# Old Fashioned Cornbread



## Reformingstudent (Feb 21, 2009)

Anyone here have a good recipe for Cornbread? I never tried to make any except from a box of Martha White instant cornbread mix but I want the old fashion kind that you bake in a iron skillet.


----------



## Theognome (Feb 21, 2009)

Toni (Knoxienne) does- as well as some incredible sweet corn cake that will knock your socks off and make your taste buds dance for joy! I'll let her know to get back to this thread.

Theognome


----------



## Knoxienne (Feb 21, 2009)

2 cups cornmeal 
2 teaspoons baking powder 
1 teaspoon baking soda 
3/4 teaspoon salt 
2 eggs, beaten 
2 cups buttermilk 
2 tablespoons vegetable oil 

Combine the first four ingredients in a large bowl. Add eggs, buttermilk, and oil, stirring just until dry ingredients are moistened. Place in a well greased 10 inch cast iron skillet in a 450F oven for 25 minutes or until lightly browned.


----------



## OPC'n (Feb 21, 2009)

Here is my mother's southern recipe

1 cup corn meal
3/4 cup flour
1 teaspoon salt
2 teaspoons baking powder
1/4 cup sugar
stir well then add
1/4 cup oil
1 egg
about 1 cup of milk just to make it semi runny

Now if that doesn't strike you as sounding good here is my recipe

1 box of Jiffy corn meal
1/4 cup of sugar
then follow the instructions on back of box
this recipe will knock your socks off!


----------



## JM (Feb 21, 2009)

My wife does this one : Tex-Mex Cheese Biscuits


----------



## DTK (Feb 21, 2009)

Reformingstudent said:


> Anyone here have a good recipe for Cornbread? I never tried to make any except from a box of Martha White instant cornbread mix but I want the old fashion kind that you bake in a iron skillet.

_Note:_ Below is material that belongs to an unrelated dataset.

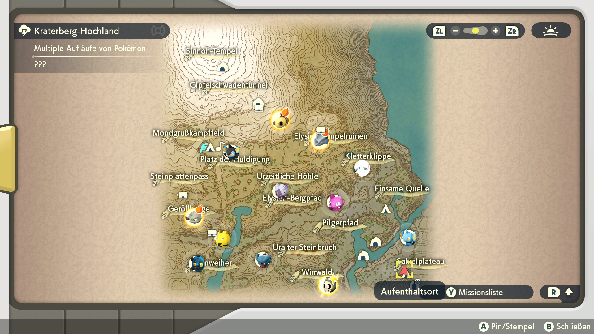 Auf der Karte des Gebiets kann eingesehen werden wo sich multiple Aufläufe befinden. Die Orte der Aufläufe sind durch Fragezeichen markiert, sodass nicht direkt eingesehen werden kann welche Pokémon sich wo befinden. Mit Hilfe von 5 n kann das Mampfaxo von Yona, welches an jedem Basislager-Eingang zu finden ist, die Sicht auf die Karte freischalten. Ab diesem Zeitpunkt kann eingesehen werden wo sich welche Pokémon befinden.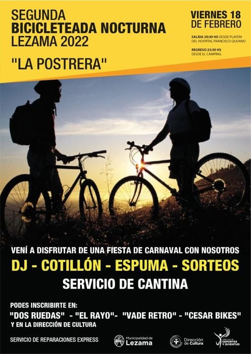 La Dirección de Cultura y Relaciones Institucionales y la Dirección de Deportes y Juventud de Lezama informan que está abierta la inscripción para ser parte de la Segunda Bicicleteada nocturna a La Postrera.

1 cup self-rising cornmeal
1 cup all purpose flour
1 cup milk
1 egg beaten
2 tablespoons of vegetable oil.

Combine cornmeal and flour. Add the milk, egg and vegetable oil, and mix well by hand. Pour the batter into a well-greased iron skillet (8 inch frying pan), and bake at 400 degrees F for 20-25 minutes or until *lighly* browned.

I make it often, but especially whenever I'm making cornbread dressing. 

DTK


----------



## LawrenceU (Feb 21, 2009)

Here's my Great Grandmother's recipe which actually is a family recipe that predates the 'Recent Unpleasantness' (She always called it that.)

2 cups of yellow cornmeal
1 cup of flour
1/2 cup of sugar
1 tablespoon of baking soda
1 tablespoon of salt.
2 cups of buttermilk.

Turn you oven on to 375. Place about 1/2 teaspoon of baking grease into a 10 inch cast iron skillet. Put the skillet in the oven to preheat it.

Mix all the dry ingredients until they are all blended. Add the buttermilk and mix until there are no lumps.

Retrieve the heated skillet. (You want it hot.) Swirl the bacon grease around so that the entire skillet bottom and up the sides is covered. You can easily do this by tilting the skillet. Don't use a brush or rag. It will soak up the bacon grease which you need. Once coated, pour in the batter. Cook for around 30 minutes. 

Folks, this is the cornbread recipe that won over my Yankee in laws to liking cornbread. It is very easy and very good. You can't beat a slice of it with butter and sorghum or honey.

Gotta get back to my ribs. . . .


----------